The get_filestat.ksh script, in Listing 2, is a UNIX shell script that collects I/O information at the file and table levels, as well as by mount point, also at five-minute intervals. It calls two SQL snippets, bstat_file.sql and estat_file.sql (shown in Listing 3 and 4), which are customizations of Oracle's utlbstat and utlestat utilities, modified to store the I/O statistics in Oracle tables, rather than in report.txt output. The UNIX script runs bstat_file.sql first, waits five minutes, and then runs estat_file.sql, causing the system to insert the resulting data into the filestat and sum_filestat tables shown in Figure 3. After running this script, you have the data needed to track hot disks down to the file and table level.

#!/bin/ksh

while true

iostat -x 300 1|\

sed 1,2d|\

awk '{ printf("%s %s %s\n", $1, $4, $5) }' |\

while read HDISK VMSTAT_IO_R VMSTAT_IO_W

echo $HDISK

echo $VMSTAT_IO_R

echo $VMSTAT_IO_W

sqlplus -s / <<!

insert into

perfstat.stats\$iostat

values

(SYSDATE, 300, '$HDISK', $VMSTAT_IO_R,$VMSTAT_IO_W);

exit

done

sleep 300

done

Generally, you should run get_filestat.ksh concurrently with get_iostat.ksh, so that the file- and disk-level data are collected during the same time period. You can run both scripts as often as you like, and you can collect data over long periods of time without adverse effects on database performance. File I/O information is generally collected very quickly from the Oracle database's system global area (SGA) memory. (The actual memory structures that contain the file I/O data are called v$filestat and file$.) Disk I/O data collection is also very fast, usually taking less than one second.

#!/bin/ksh

# First, we must set the environment . . . .

ORACLE_SID=prodb1

ORACLE_HOME=`cat /var/opt/oracle/oratab|grep $ORACLE_SID|cut -f2 -d':'`

PATH=$ORACLE_HOME/bin:$PATH

MON=`echo ~oracle/iostat`

#----------------------------------------

# If it is not running, then start it . . .

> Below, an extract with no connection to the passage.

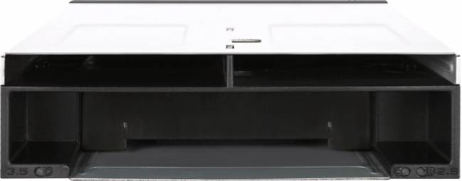 Plus précisément, vous pourrez y fourrer simultanément un disque dur 3,5" et deux disques/SSD 2,5" en SATA 6 Gb/s (épaisseur 9,5 mm max.), comme ça, simplement sans outil ni plateau, y'a qu'à insérer dans la fente correspondante avec douceur et finesse, et le p'tit indicateur d'activité bleu vous permettra de savoir si vous avez bien touché le fond pour chaque disque.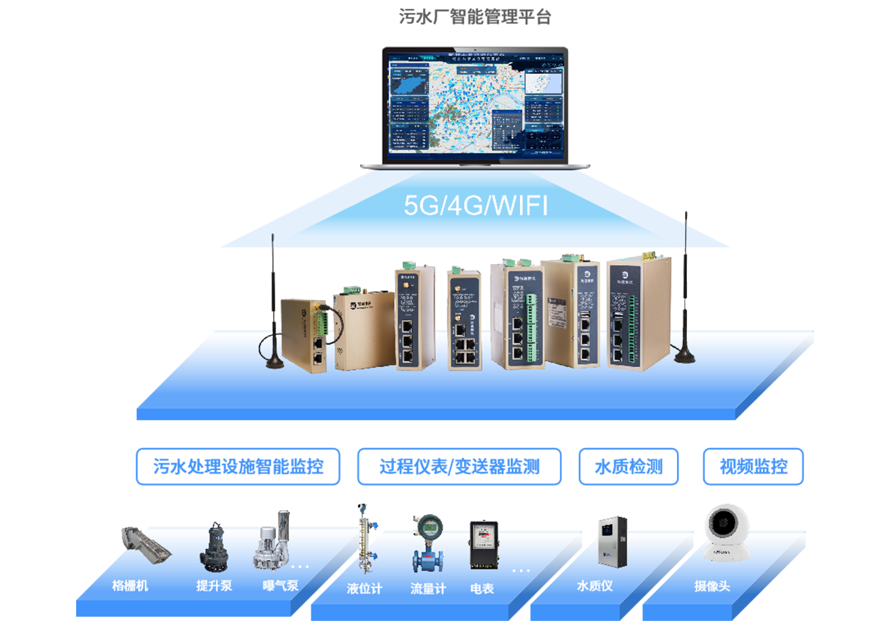 借助物通博聯(lián)的工業(yè)智能網(wǎng)關,實時采集污水處理廠內(nèi)各類設備(如水泵、風機、格柵機等)的運行數(shù)據(jù),包括運行狀態(tài)、電流、電壓、溫度等,以及污水的流量、水質(zhì)指標(如化學需氧量、氨氮、懸浮物等)。將采集到的數(shù)據(jù)傳輸至污水處理遠程監(jiān)控平臺,進行數(shù)據(jù)存儲、分析和展示。平臺可對設備運行狀態(tài)進行實時監(jiān)測,當設備出現(xiàn)異?;蛩|(zhì)指標接近超標時及時發(fā)出預警,并提供故障診斷和處理建議。同時支持遠程運維操作,如設備參數(shù)調(diào)整、啟??刂频?,實現(xiàn)對污水處理廠的高效管理。

#----------------------------------------

check_stat=`ps -ef|grep get_iostat|grep -v grep|wc -l`;

oracle_num=`expr $check_stat`

if [ $oracle_num -lt 1 ]

then nohup $MON/get_iostat_solaris.ksh > /dev/null 2>&1 &

One drawback of this approach is that the data-collection tables will eventually become very large. However, you can manage table size by deleting low-I/O data-file entries. For example, you could delete inactive-file entries with the following SQL (which is included in Listing 1 ):

delete from sys.iostat where phys_read < 10 and phys_write < 10;

Bear in mind that deleting these entries will skew long-term averages, since the averages will be based only on higher-activity entries.

Although the information collected by iostat and filestat is somewhat redundant, the two sets of results work well together. When the iostat results identify a hot mount point, you can turn to the filestat results to look at the activity for each data file residing on the mount point. The filestat results also provide more-in-depth information, including the overall time required to perform the reads and writes. From elapsed-time information, you can quickly identify the files that are waiting on disk I/O and see the actual number of physical reads and writes.

Sample Reports Online

If the I/O load on your disks isn't well balanced, you probably have some disk I/O bottlenecks slowing your database response times.
We've made some specific scripts below that you can use to generate a variety of activity and alert reports based on the I/O statistics, so that you can move the culprit bottleneck files to less-active disk devices. Download each SQL script then run at the SQL*Plus command prompt.

Daily activity: This trend report aggregates I/O activity for each UNIX mount point in five-minute intervals. It extracts and displays the overall activity for each mount point. You can present the data in a spreadsheet chart of the daily activity for each mount point.
Top mount point: This alert report identifies the mount point that experiences the most I/O over the course of the day.
Top mount point each hour: This alert report aggregates I/O by mount point per hour and displays the top mount point for each hour during the day.
Hot data files for each mount point: This alert report identifies the most-active data files on each mount point and compares their activity with the average activity for all files on that mount point. You can split those files that cause too much of the total I/O into many smaller data files and distribute them across the disks, or you can move them to less active disks.

Generating I/O Reports

Using the I/O information from the tables, you can generate trend and alert reports. Both types of reports are easy to generate using SQL, and the combination of the reports will help you identify current bottlenecks as well as spot potential future ones.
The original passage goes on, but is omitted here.